I am reading in numbers from a file and casting them to floats. The numbers look like this.
1326.617827, 1322.954823, 1320.512821, 1319.291819...
I split each line at commas and then create the list of floats through a list comprehension.
def listFromLine(line):
t = time.clock()
temp_line = line.split(',')
print "line operations: " + str(time.clock() - t)
t = time.clock()
ret = [float(i) for i in temp_line]
print "float comprehension: " + str(time.clock() - t)
return ret
The output is looking something like this
line operations: 5.52103727549e-05
float comprehension: 0.00121321255003
line operations: 9.52025017378e-05
float comprehension: 0.000943885026522
line operations: 7.0782529173e-05
float comprehension: 0.000946716327689
Casting to an int and then dividing by 1.0 is a lot faster, but is useless in my case as I need to keep the numbers after the decimal point.
I saw this question and had a go at using pandas.Series but that went slower than what I was doing previously.
In[38]: timeit("[float(i) for i in line[1:-2].split(',')]", "f=open('pathtofile');line=f.readline()", number=100)
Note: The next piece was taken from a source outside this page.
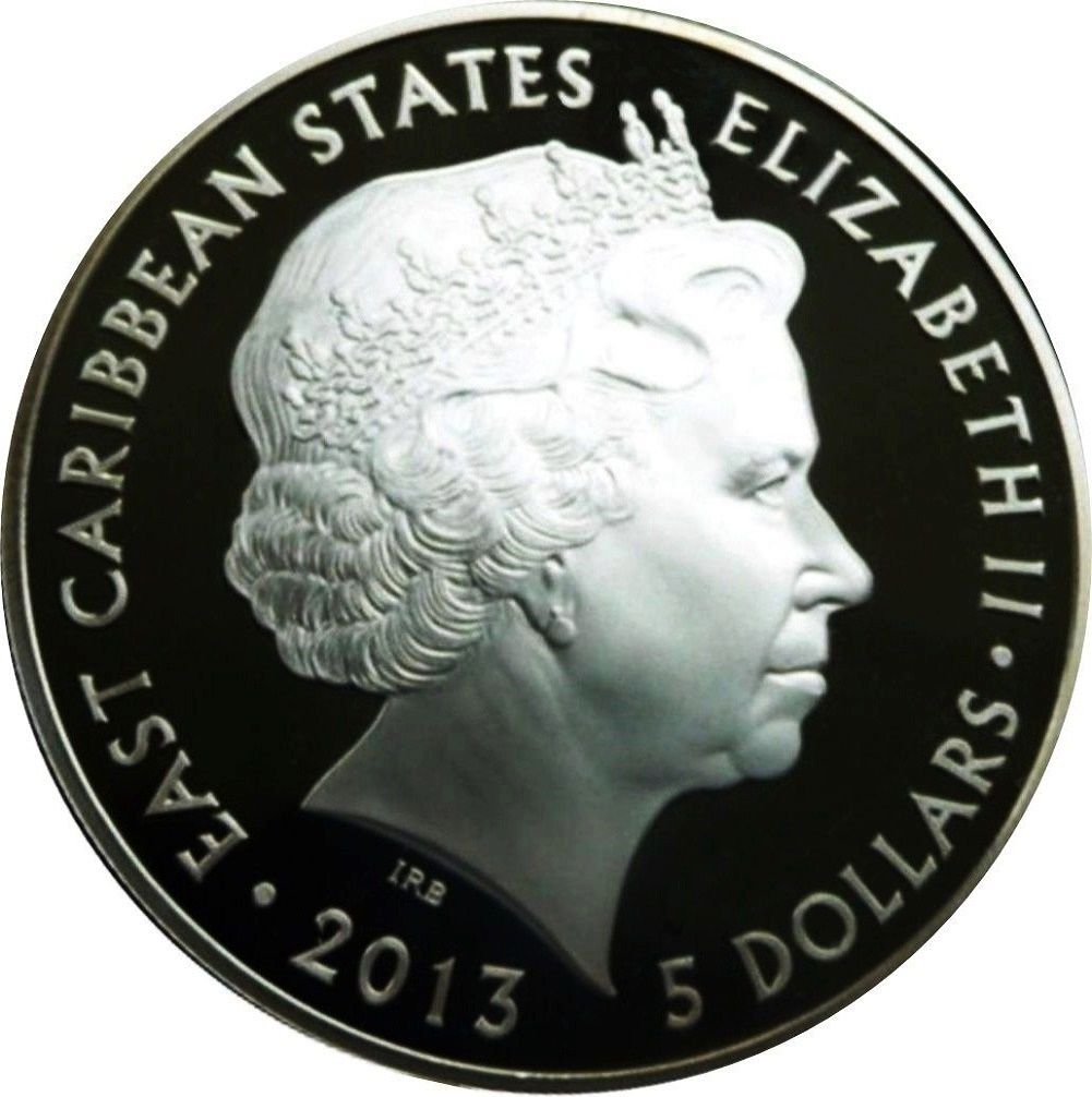 5 доларів — Єлизавета II (зворушлива подія) 2013 – 2013 Східнокарибські держави

Out[37]: 0.10676022701363763
In[39]: timeit("pandas.Series(line[1:-2].split(',')).apply(lambda x: float(x))", "import pandas;f=open('pathtofile');line=f.readline()", number=100)
Out[38]: 0.14640622942852133
Changing the format of the file may be an option if that could speed it up, but an speeding it up at the reading end would be preferable.